Both a computer and a bio genetically designed cell "may be temporarily or permanently programmed to perform many different unrelated tasks." We ask whether "intelligent systems" can be protected by patent and, if so, what specific elements of such a system are eligible for protection. The patent protection has been allowed more for the fabrication of new life formats, instead of the development of computer software. In 1980 Congress passed the Software Act, granting some of the protection which previously was not offered, but still not addressing all the elements within the process. A Semiconductor Chip Protection Act followed in 1984 with a new form of protection for the templates from which chips are made. Copyright does not protect ideas, processes. procedures. systems or methods, only a specific embodiment of such things. Copyright cannot protect useful objects or inventions. The process of mechanical reproduction had assured that the copyright registration of one particular copy of a work would automatically insure protection for all its duplicates. Creativity directed to the end of presenting a video display constitutes recognizable authorship and "fixation" occurs in the repetition of specific aspects of the visual scenes from one playing of a game to the next. All these decisions have served to legitimate the cybernetic metaphor and to re normalize the political legal apparatus in relation to the question: who shall have the right to control the cybernetic system of which we are a part?
The human as a metaphorical, automated, but intelligent system becomes quite literal when the human organism is itself a product of planned engineering. Human life becomes a commodity to be contracted for, subject to the proprietary control of those who rent the uterus, or the test tube. What is most fundamentally at stake does not seem to be personal choice, but power and economics.

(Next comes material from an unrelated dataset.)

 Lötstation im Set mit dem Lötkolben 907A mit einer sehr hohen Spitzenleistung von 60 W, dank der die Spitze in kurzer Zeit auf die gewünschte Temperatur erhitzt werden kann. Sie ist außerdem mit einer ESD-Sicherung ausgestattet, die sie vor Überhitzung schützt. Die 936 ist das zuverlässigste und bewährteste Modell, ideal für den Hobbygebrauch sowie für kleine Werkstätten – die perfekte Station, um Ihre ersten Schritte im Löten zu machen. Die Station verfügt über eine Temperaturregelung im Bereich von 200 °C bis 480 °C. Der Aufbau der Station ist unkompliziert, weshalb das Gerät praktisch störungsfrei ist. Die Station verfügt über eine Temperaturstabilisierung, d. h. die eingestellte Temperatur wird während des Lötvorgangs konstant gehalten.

The justification for hierarchical control of the cybernetic apparatus takes a rhetorical form because it is, in essence, an ideological argument. The supposed liberating force of the technologies will in affect not control us in the whole. We have created a certain ambivalence towards these new technologies, this requires resolution in another field: (theory of) power.
Whereas deconstructing in the mechanical reproduction age focuses merely on film, montage, deconstructing has extended itself further within the cybernetic systems: what had been mere possibilities or probabilities manifest themselves in the simulation. The dynamite of the tenth of a second which can make or brake your film, explodes in limits within the computational force.
If there is liberating potential in this, it is seeing ourselves as part of a larger whole that is self regulating and capable of long term survival. Conscious purpose guides the invention and legitimization of cybernetic systems. We are part of the system and we are never able to control it, we should work with the system, flow with this simulation, and make use of its limits.